Source data:
########

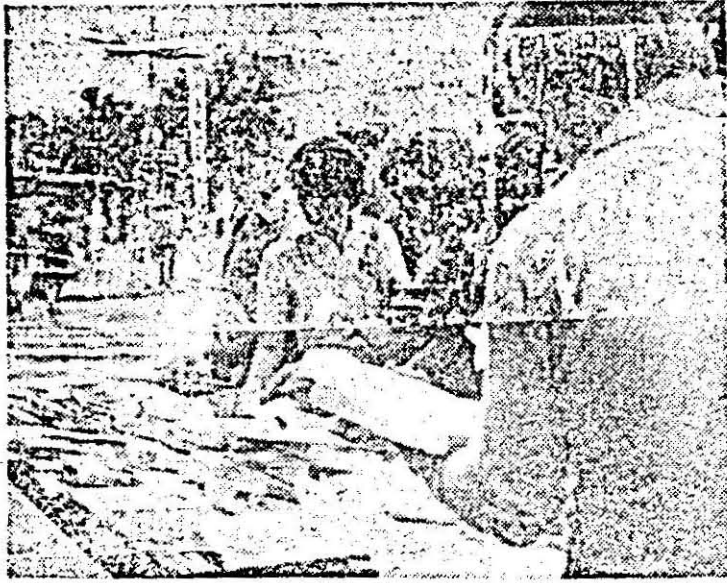
Imagine a comerțului sau a culturii? Oricum Standul de carte rămîne un simbol al nestăvilitii sete a înțelepciunii!
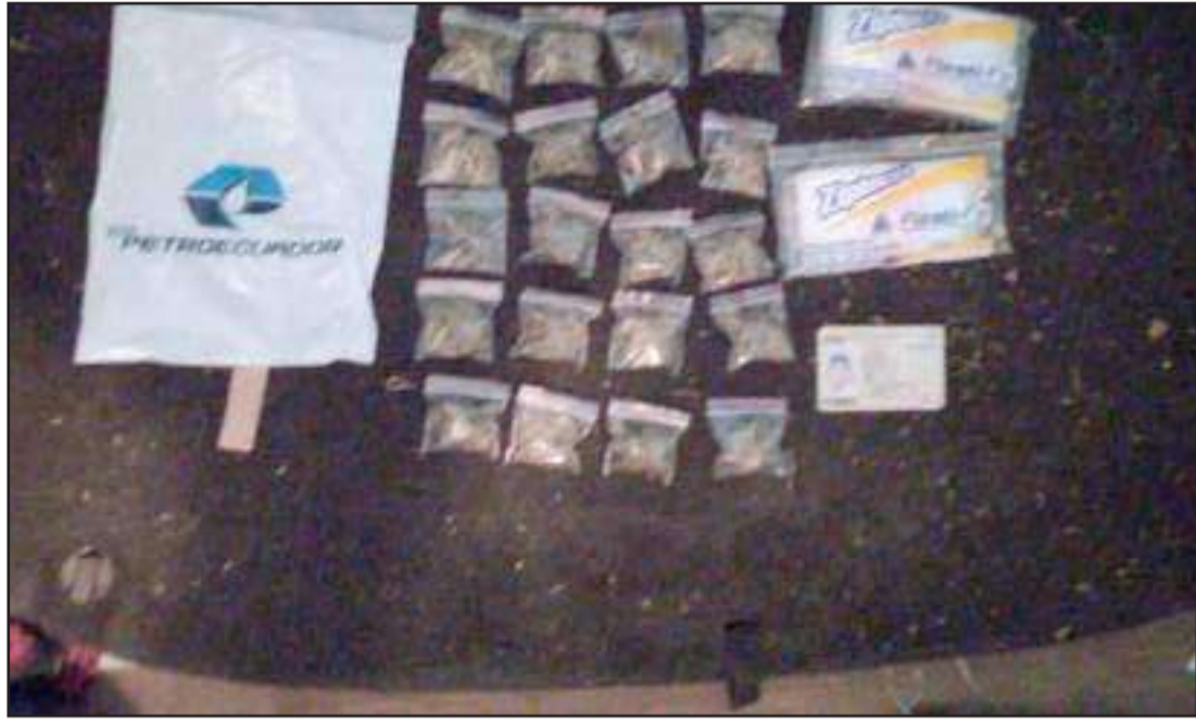
Las evidencias fueron presentadas ante las autoridades judiciales pertinentes.
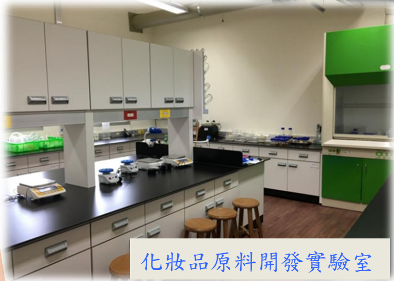
化妝品原料開發實驗室
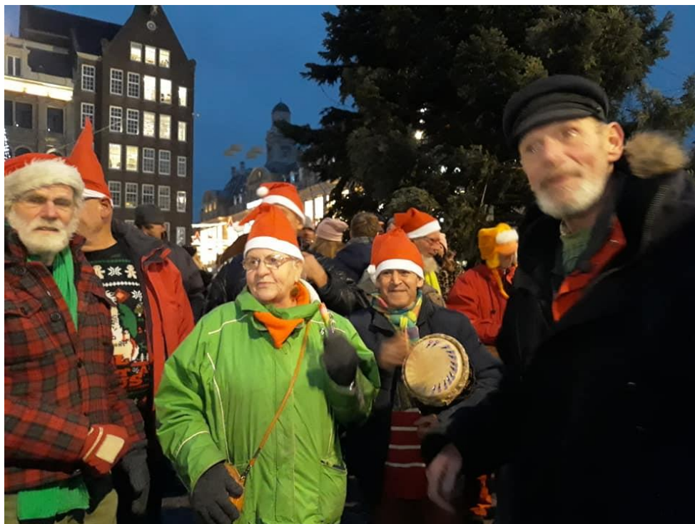
ZINGEN OP DE DAM ALS DE KERSTBOOMVERLICHTING AAN GAAT

########

Work to complete: Everything in the data except the pictures should be restated word for word.

Output for this exercise:
Imagine a comerțului sau a culturii? Oricum Standul de carte rămîne un simbol al nestăvilitii sete a înțelepciunii!
Las evidencias fueron presentadas ante las autoridades judiciales pertinentes.
化妝品原料開發實驗室
ZINGEN OP DE DAM ALS DE KERSTBOOMVERLICHTING AAN GAAT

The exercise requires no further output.